● Try it: Starting with the first line, transcribe the material exactly through to the last.

● Data in this exercise:
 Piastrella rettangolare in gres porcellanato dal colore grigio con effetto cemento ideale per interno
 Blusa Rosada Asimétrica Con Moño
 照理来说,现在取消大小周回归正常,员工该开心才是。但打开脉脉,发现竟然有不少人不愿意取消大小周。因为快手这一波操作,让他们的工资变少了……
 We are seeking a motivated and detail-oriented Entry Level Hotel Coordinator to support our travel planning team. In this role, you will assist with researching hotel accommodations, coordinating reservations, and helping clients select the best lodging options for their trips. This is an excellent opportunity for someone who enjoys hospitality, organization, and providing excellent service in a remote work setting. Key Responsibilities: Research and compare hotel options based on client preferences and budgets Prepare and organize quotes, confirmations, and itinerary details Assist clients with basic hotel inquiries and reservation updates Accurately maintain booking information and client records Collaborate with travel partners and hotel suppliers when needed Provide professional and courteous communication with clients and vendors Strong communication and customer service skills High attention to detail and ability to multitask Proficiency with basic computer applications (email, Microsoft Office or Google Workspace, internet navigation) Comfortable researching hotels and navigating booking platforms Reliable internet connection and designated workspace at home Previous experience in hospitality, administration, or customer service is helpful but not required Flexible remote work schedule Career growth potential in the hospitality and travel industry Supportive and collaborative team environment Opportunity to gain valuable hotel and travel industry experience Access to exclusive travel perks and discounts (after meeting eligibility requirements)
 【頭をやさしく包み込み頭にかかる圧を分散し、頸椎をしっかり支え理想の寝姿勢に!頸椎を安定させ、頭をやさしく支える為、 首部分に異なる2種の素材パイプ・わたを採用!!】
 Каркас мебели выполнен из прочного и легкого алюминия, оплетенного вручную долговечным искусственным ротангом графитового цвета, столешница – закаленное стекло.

● Task response:
 Piastrella rettangolare in gres porcellanato dal colore grigio con effetto cemento ideale per interno
 Blusa Rosada Asimétrica Con Moño
 照理来说,现在取消大小周回归正常,员工该开心才是。但打开脉脉,发现竟然有不少人不愿意取消大小周。因为快手这一波操作,让他们的工资变少了……
 We are seeking a motivated and detail-oriented Entry Level Hotel Coordinator to support our travel planning team. In this role, you will assist with researching hotel accommodations, coordinating reservations, and helping clients select the best lodging options for their trips. This is an excellent opportunity for someone who enjoys hospitality, organization, and providing excellent service in a remote work setting. Key Responsibilities: Research and compare hotel options based on client preferences and budgets Prepare and organize quotes, confirmations, and itinerary details Assist clients with basic hotel inquiries and reservation updates Accurately maintain booking information and client records Collaborate with travel partners and hotel suppliers when needed Provide professional and courteous communication with clients and vendors Strong communication and customer service skills High attention to detail and ability to multitask Proficiency with basic computer applications (email, Microsoft Office or Google Workspace, internet navigation) Comfortable researching hotels and navigating booking platforms Reliable internet connection and designated workspace at home Previous experience in hospitality, administration, or customer service is helpful but not required Flexible remote work schedule Career growth potential in the hospitality and travel industry Supportive and collaborative team environment Opportunity to gain valuable hotel and travel industry experience Access to exclusive travel perks and discounts (after meeting eligibility requirements)
 【頭をやさしく包み込み頭にかかる圧を分散し、頸椎をしっかり支え理想の寝姿勢に!頸椎を安定させ、頭をやさしく支える為、 首部分に異なる2種の素材パイプ・わたを採用!!】
 Каркас мебели выполнен из прочного и легкого алюминия, оплетенного вручную долговечным искусственным ротангом графитового цвета, столешница – закаленное стекло.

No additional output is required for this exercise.